EXERCISE DETAILS: Up to and including the line bearing "Cosy up with", output every line of the entries exactly as written, starting from the first; pictures stay out.

Records excerpted from a collection
Segment Open
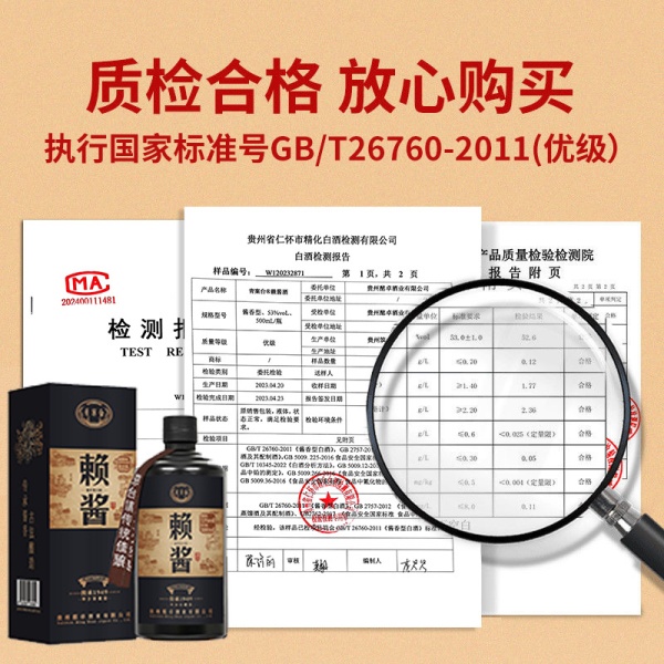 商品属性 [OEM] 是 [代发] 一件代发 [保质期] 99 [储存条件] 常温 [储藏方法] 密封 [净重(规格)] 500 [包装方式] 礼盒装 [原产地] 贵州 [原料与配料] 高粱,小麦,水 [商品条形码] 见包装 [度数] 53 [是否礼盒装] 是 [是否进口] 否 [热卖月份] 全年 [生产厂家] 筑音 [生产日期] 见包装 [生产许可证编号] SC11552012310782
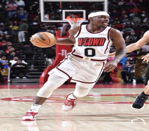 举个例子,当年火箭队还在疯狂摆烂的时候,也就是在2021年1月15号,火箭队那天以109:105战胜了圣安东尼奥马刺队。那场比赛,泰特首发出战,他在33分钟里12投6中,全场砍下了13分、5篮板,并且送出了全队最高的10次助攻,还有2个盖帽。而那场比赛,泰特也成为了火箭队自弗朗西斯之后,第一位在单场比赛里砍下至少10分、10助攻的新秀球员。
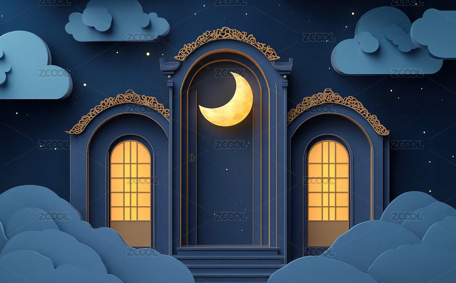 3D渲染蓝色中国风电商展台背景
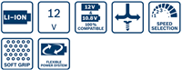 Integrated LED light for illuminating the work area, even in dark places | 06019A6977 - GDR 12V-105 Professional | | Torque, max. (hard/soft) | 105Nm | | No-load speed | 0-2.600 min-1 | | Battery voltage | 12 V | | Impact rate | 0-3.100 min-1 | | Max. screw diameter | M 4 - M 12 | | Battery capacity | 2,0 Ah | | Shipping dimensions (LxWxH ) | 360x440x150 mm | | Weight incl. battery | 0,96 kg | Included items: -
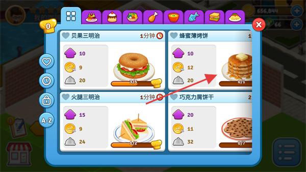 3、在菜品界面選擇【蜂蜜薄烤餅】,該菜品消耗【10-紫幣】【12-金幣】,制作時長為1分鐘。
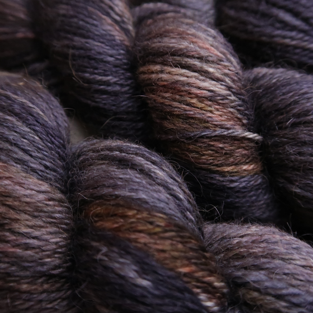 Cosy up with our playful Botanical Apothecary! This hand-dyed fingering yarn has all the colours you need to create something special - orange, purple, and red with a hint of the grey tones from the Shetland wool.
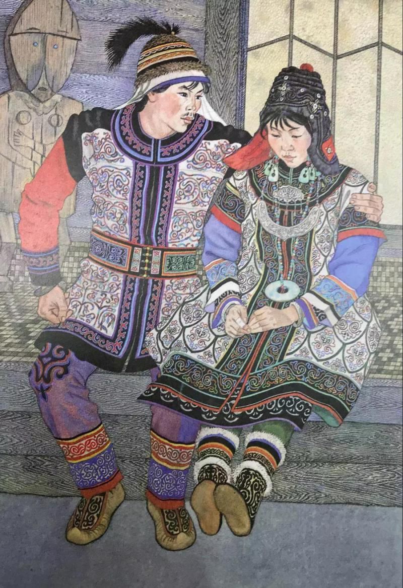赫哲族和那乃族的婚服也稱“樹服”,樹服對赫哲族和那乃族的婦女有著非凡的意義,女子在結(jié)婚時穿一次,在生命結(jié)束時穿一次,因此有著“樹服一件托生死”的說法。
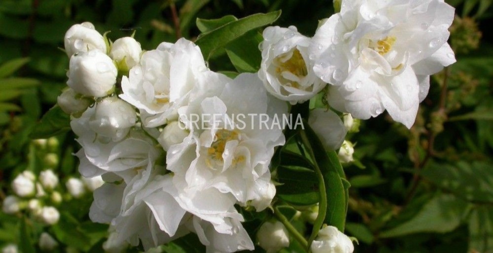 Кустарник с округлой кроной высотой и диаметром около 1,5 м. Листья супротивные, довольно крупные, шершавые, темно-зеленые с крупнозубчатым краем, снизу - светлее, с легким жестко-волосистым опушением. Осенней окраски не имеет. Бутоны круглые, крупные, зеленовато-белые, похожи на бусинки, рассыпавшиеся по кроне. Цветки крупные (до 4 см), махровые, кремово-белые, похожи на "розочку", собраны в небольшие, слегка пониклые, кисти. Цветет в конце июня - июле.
Segment Closed
ANSWER TO THIS EXERCISE:
 商品属性 [OEM] 是 [代发] 一件代发 [保质期] 99 [储存条件] 常温 [储藏方法] 密封 [净重(规格)] 500 [包装方式] 礼盒装 [原产地] 贵州 [原料与配料] 高粱,小麦,水 [商品条形码] 见包装 [度数] 53 [是否礼盒装] 是 [是否进口] 否 [热卖月份] 全年 [生产厂家] 筑音 [生产日期] 见包装 [生产许可证编号] SC11552012310782
 举个例子,当年火箭队还在疯狂摆烂的时候,也就是在2021年1月15号,火箭队那天以109:105战胜了圣安东尼奥马刺队。那场比赛,泰特首发出战,他在33分钟里12投6中,全场砍下了13分、5篮板,并且送出了全队最高的10次助攻,还有2个盖帽。而那场比赛,泰特也成为了火箭队自弗朗西斯之后,第一位在单场比赛里砍下至少10分、10助攻的新秀球员。
 3D渲染蓝色中国风电商展台背景
 Integrated LED light for illuminating the work area, even in dark places | 06019A6977 - GDR 12V-105 Professional | | Torque, max. (hard/soft) | 105Nm | | No-load speed | 0-2.600 min-1 | | Battery voltage | 12 V | | Impact rate | 0-3.100 min-1 | | Max. screw diameter | M 4 - M 12 | | Battery capacity | 2,0 Ah | | Shipping dimensions (LxWxH ) | 360x440x150 mm | | Weight incl. battery | 0,96 kg | Included items: -
 3、在菜品界面選擇【蜂蜜薄烤餅】,該菜品消耗【10-紫幣】【12-金幣】,制作時長為1分鐘。
 Cosy up with our playful Botanical Apothecary! This hand-dyed fingering yarn has all the colours you need to create something special - orange, purple, and red with a hint of the grey tones from the Shetland wool.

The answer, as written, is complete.